**Exercise description:**
When you reach the line in the data below that contains "Egzamin odbywał się", please start repeating lines exactly, and stop after the line that contains "Sneakers in pelle", repeating nothing else.

**Material shown:**

####################

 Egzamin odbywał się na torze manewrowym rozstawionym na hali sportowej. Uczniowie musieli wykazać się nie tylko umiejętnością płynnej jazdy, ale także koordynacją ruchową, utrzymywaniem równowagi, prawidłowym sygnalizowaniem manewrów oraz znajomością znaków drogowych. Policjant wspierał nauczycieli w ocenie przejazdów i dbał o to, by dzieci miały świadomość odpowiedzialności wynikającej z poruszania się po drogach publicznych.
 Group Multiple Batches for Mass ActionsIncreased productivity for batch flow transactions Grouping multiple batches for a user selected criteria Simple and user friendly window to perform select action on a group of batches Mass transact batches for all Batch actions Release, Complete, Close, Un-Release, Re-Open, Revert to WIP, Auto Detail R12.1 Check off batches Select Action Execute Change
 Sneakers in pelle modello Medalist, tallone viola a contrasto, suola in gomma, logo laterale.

####################

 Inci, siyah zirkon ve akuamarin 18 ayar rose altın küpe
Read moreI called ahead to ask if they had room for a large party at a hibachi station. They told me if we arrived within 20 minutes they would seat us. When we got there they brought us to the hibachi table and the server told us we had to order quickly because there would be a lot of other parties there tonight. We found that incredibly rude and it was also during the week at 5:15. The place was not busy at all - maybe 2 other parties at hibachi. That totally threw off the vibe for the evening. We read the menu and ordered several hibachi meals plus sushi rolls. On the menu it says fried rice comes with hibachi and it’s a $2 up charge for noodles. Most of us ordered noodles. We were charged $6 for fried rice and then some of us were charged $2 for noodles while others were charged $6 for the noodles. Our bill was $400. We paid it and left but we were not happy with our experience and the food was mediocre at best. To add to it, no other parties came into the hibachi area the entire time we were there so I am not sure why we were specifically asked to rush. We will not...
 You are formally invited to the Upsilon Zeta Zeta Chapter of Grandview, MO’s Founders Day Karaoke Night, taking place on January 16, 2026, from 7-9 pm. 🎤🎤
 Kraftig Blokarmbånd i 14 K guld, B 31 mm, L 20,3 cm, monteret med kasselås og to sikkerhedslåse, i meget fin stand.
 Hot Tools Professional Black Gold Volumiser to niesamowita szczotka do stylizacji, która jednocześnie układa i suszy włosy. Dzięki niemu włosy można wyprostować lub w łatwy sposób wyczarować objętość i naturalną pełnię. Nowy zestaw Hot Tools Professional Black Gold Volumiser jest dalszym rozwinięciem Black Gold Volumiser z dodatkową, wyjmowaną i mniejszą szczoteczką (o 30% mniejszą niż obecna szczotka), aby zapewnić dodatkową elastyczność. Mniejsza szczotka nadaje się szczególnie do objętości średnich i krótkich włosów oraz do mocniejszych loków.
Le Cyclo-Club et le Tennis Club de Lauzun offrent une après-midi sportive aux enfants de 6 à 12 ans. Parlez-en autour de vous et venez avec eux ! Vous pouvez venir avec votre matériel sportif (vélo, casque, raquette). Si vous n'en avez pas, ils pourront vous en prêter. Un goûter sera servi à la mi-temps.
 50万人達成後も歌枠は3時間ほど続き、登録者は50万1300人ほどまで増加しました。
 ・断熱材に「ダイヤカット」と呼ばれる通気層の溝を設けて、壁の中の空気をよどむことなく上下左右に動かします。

####################

**Reply to the exercise:**
 Egzamin odbywał się na torze manewrowym rozstawionym na hali sportowej. Uczniowie musieli wykazać się nie tylko umiejętnością płynnej jazdy, ale także koordynacją ruchową, utrzymywaniem równowagi, prawidłowym sygnalizowaniem manewrów oraz znajomością znaków drogowych. Policjant wspierał nauczycieli w ocenie przejazdów i dbał o to, by dzieci miały świadomość odpowiedzialności wynikającej z poruszania się po drogach publicznych.
 Group Multiple Batches for Mass ActionsIncreased productivity for batch flow transactions Grouping multiple batches for a user selected criteria Simple and user friendly window to perform select action on a group of batches Mass transact batches for all Batch actions Release, Complete, Close, Un-Release, Re-Open, Revert to WIP, Auto Detail R12.1 Check off batches Select Action Execute Change
 Sneakers in pelle modello Medalist, tallone viola a contrasto, suola in gomma, logo laterale.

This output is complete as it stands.